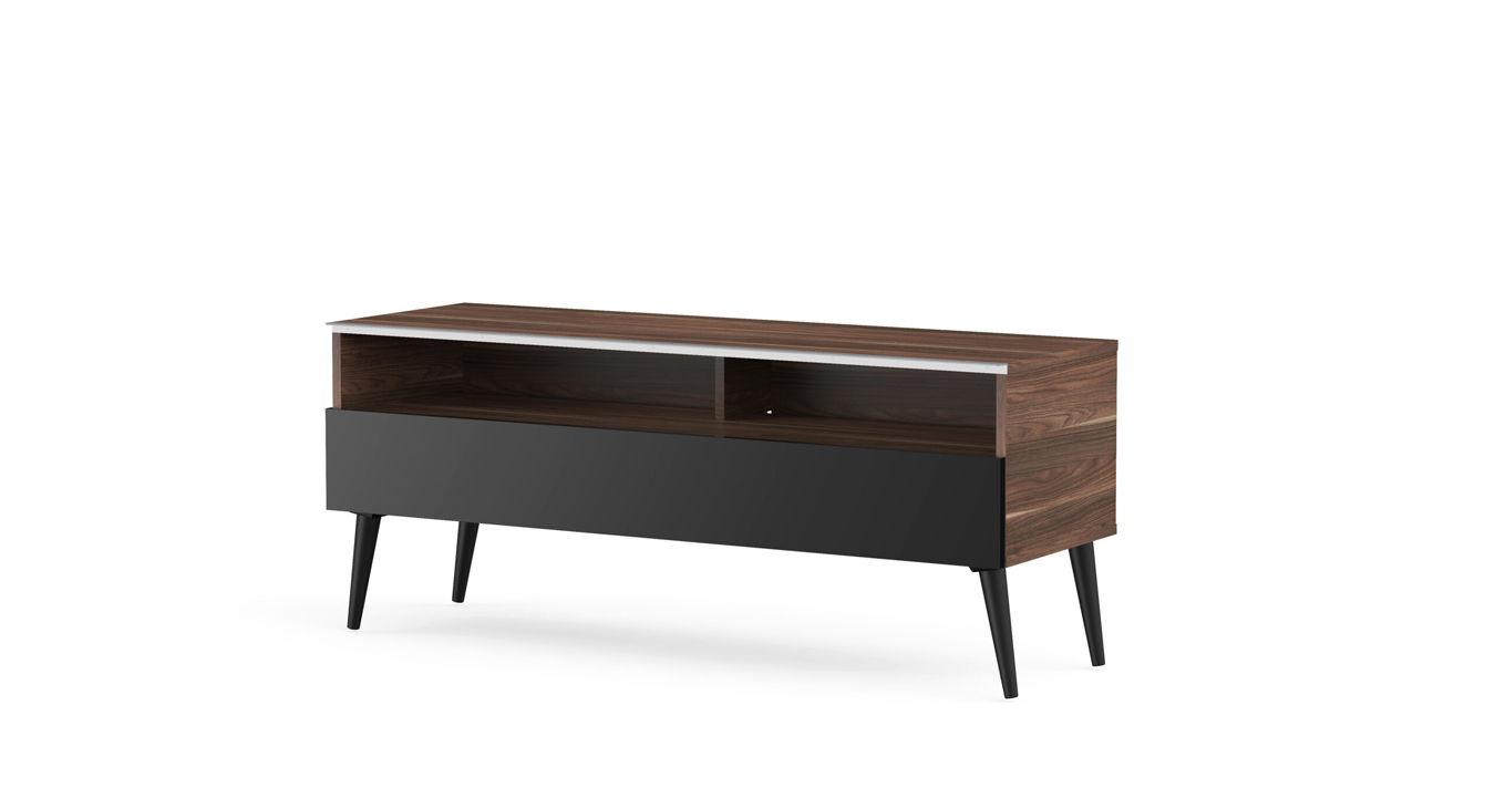 - Demi-porte abattante de couleur noire permettant de laisser la partie supérieure du caisson ouverte pour pouvoir utiliser sa barre de son et piloter ses appareils sans ouvrir le meuble.
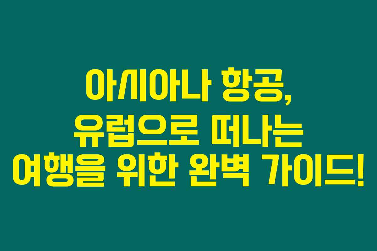 아시아나 항공, 유럽으로 떠나는 여행을 위한 완벽 가이드!
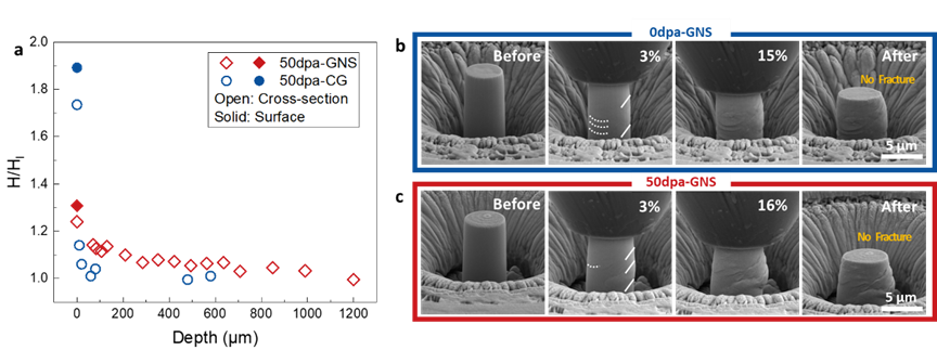 研究团队通过表面纳米化技术在广泛应用于核反应堆的304NG中制备了由高密度层错、低能界面和位错网络等结构特征组成的纳米结构,使得该材料具有优异的抗辐照能力。例如,在室温超高剂量(155 dpa)辐照后,GNS 304NG样品中的辐照缺陷密度和尺寸仅为粗晶样品中的3.8%和63%;在高温(450 °C)辐照时GNS 304NG样品也同样表现出比粗晶样品更为优异的抗辐照性能。结合微观结构表征和分子动力学模拟,研究团队发现,GNS 304NG优异的抗辐照性能与辐照诱发的自适应马氏体相变密切相关:辐照缺陷与材料中预制的层错相互作用而诱发马氏体相变,加速辐照缺陷的消失;此外,高密度层错还促使马氏体相向周围不断拓展,在加速消耗辐照缺陷的同时形成连续分布的马氏体相。进一步的微纳力学实验证实,GNS 304NG中大规模的自适应马氏体相变不会造成材料力学性能的恶化,将传统上辐照诱发马氏体相变造成材料脆化这一有害过程转变为一个有益的过程。由于自适应马氏体相变机制在从低剂量到极高剂量、从低温到高温的辐照下均保持有效,加之所采用的表面纳米化技术具有低成本和工业上易于实现的特点,本工作表明,将表面纳米化技术与自适应马氏体相变结合,可为现行及未来核设施提供一种大幅提升抗辐照能力的策略,应用于奥氏体不锈钢及钛合金等在辐照下可发生马氏体转变的金属材料中。
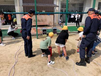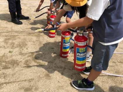 5時間目、水消火器体験をしました。実際に消火器を使うことはできませんが、小学生でも扱える水消火器の使い方を教えていただきました。絵で描かれた炎をめがけて水を勢いよくかけました。
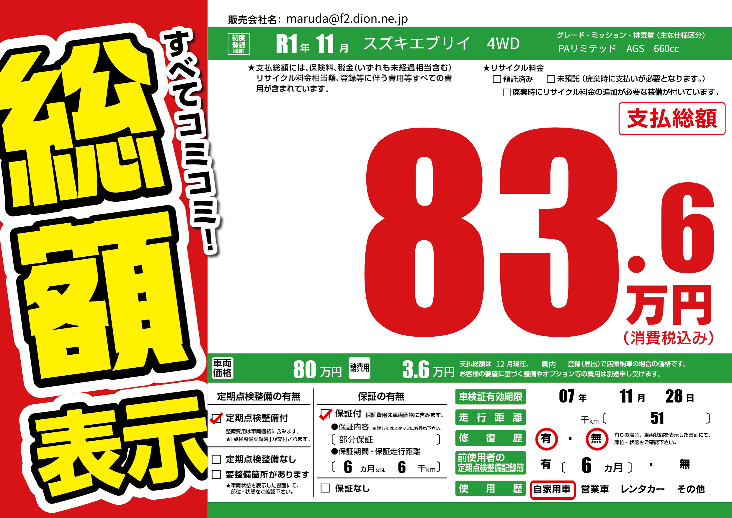 | 定期点検整備 | 定期点検整備あり | ||
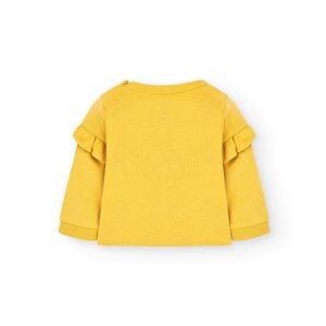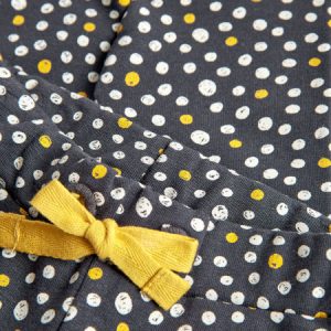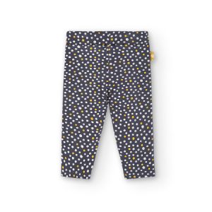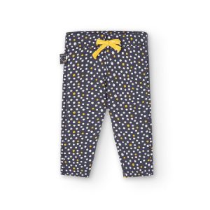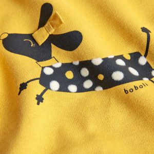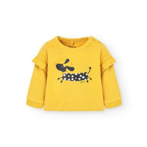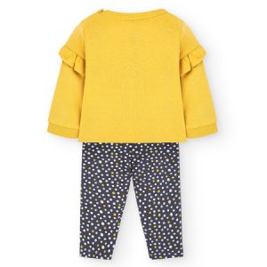 Conjunto de sudadera y pantalón para bebé niña. La sudadera de felpa en color ocre, lleva como decoración un estampado de un perro con un lazo aplicado. El pantalón es de felpa elástica en color gris oscuro y con estampado de topos en blanco y ocre que se ajusta con goma en la cintura y cordón en color ocre.

================

▶ [Exercise description]:
Output the listing word for word. Drop the pictures.

▶ [Output below]:
 - Demi-porte abattante de couleur noire permettant de laisser la partie supérieure du caisson ouverte pour pouvoir utiliser sa barre de son et piloter ses appareils sans ouvrir le meuble.
 아시아나 항공, 유럽으로 떠나는 여행을 위한 완벽 가이드!
 研究团队通过表面纳米化技术在广泛应用于核反应堆的304NG中制备了由高密度层错、低能界面和位错网络等结构特征组成的纳米结构,使得该材料具有优异的抗辐照能力。例如,在室温超高剂量(155 dpa)辐照后,GNS 304NG样品中的辐照缺陷密度和尺寸仅为粗晶样品中的3.8%和63%;在高温(450 °C)辐照时GNS 304NG样品也同样表现出比粗晶样品更为优异的抗辐照性能。结合微观结构表征和分子动力学模拟,研究团队发现,GNS 304NG优异的抗辐照性能与辐照诱发的自适应马氏体相变密切相关:辐照缺陷与材料中预制的层错相互作用而诱发马氏体相变,加速辐照缺陷的消失;此外,高密度层错还促使马氏体相向周围不断拓展,在加速消耗辐照缺陷的同时形成连续分布的马氏体相。进一步的微纳力学实验证实,GNS 304NG中大规模的自适应马氏体相变不会造成材料力学性能的恶化,将传统上辐照诱发马氏体相变造成材料脆化这一有害过程转变为一个有益的过程。由于自适应马氏体相变机制在从低剂量到极高剂量、从低温到高温的辐照下均保持有效,加之所采用的表面纳米化技术具有低成本和工业上易于实现的特点,本工作表明,将表面纳米化技术与自适应马氏体相变结合,可为现行及未来核设施提供一种大幅提升抗辐照能力的策略,应用于奥氏体不锈钢及钛合金等在辐照下可发生马氏体转变的金属材料中。
 5時間目、水消火器体験をしました。実際に消火器を使うことはできませんが、小学生でも扱える水消火器の使い方を教えていただきました。絵で描かれた炎をめがけて水を勢いよくかけました。
 | 定期点検整備 | 定期点検整備あり | ||
 Conjunto de sudadera y pantalón para bebé niña. La sudadera de felpa en color ocre, lleva como decoración un estampado de un perro con un lazo aplicado. El pantalón es de felpa elástica en color gris oscuro y con estampado de topos en blanco y ocre que se ajusta con goma en la cintura y cordón en color ocre.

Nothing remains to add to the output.